BurakAhmet/Autonomous-Car-with-Deep-Q-Learning

Repository files navigation

Autonomous Car with Deep Q-Learning

Ekran görüntüsü 2025-01-28 175626

This repository demonstrates how to train and run a Deep Q-learning (DQN) model for controlling an autonomous car using the AirSim simulation environment. The primary goal is to teach the car to navigate an environment without collisions, maximizing a reward function that encourages safe and efficient driving.

Table of Contents

  1. Project Overview
  2. Installation
    • Requirements
  3. Usage
  4. How It Works?
    • Neural Network Architecture
    • Reward Function
  5. Results

Project Overview

In this project, a deep Q-learning algorithm is employed to train a car to navigate autonomously. The car receives observations from the environment—such as camera view of the obstacles, velocity, coordinates, and sensor readings—and uses a DQN to decide the best possible steering and acceleration actions.
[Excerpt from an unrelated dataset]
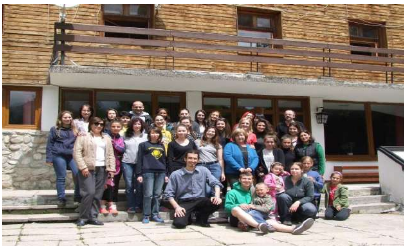
Фотография 11. Участниците в осмия образователно-консултативен семинар „Академични хоризонти“ (14 май, неделя 2017 г.)

The car trained for 1000 episodes (it took about 12 hours) to reach the end of the street and turn left without any collisions.

Installation

Requirements

You can download the necessary libraries from the requirements.txt with this command: pip install -r requirements.txt.

Usage

  • Using an Existing Model: python drive.py. Do not forget to change the model path.
  • Training a model: python train.py.

How It Works

Neural Network Architecture

Ekran görüntüsü 2025-01-28 175451

  • The DQN model takes the current image observation from the simulation, resized to 84×84, as input. It consists of three convolutional layers that extract features from the image. The filter sizes in these layers decrease from 8×8 to 3×3, with strides adjusting from 4×4 to 1×1, and each layer is followed by ReLU activation. After the last convolutional layer, the outputs are concatenated with the current state of the simulation, represented by the X, Y , and Z coordinates, to inform the network about the vehicle’s current position. The concatenated features are passed through a fully connected layer with 512 neurons, followed by another ReLU activation. The final layer outputs five actions, representing the possible navigation decisions for the vehicle.
  • The last layer outputs Q-values for each possible action.
  • By selecting the action with the highest Q-value, the agent makes a decision at each step.

Reward Function

  • The reward function provides critical feedback to guide the agent's learning in the environment.
  • It heavily penalizes collisions (-100 reward) by ending the episode upon collision, discouraging unsafe actions.
  • It rewards the agent for reaching waypoints (+100 reward) and gives an additional bonus for completing all waypoints (+500 reward), encouraging goal-oriented behavior.
  • It offers continuous feedback based on the reduction of distance to the target waypoint, rewarding movement towards the goal and penalizing moving away.
  • By combining penalties and rewards, the function guides the agent to learn safe navigation while efficiently reaching its objectives.

Results

Reference Path

  • Ekran görüntüsü 2025-01-28 175517 The numbered red point are represents the waypoints on the path.

Reached Path

  • Ekran görüntüsü 2025-01-28 175535

Autonomous Driving Video (accelerated x2)

Full.Path.mp4

Mean Max Q-value per Episode

  • Mean Max Q-value per Episode

Total Reward Per Episode

  • Total Rewar per Episode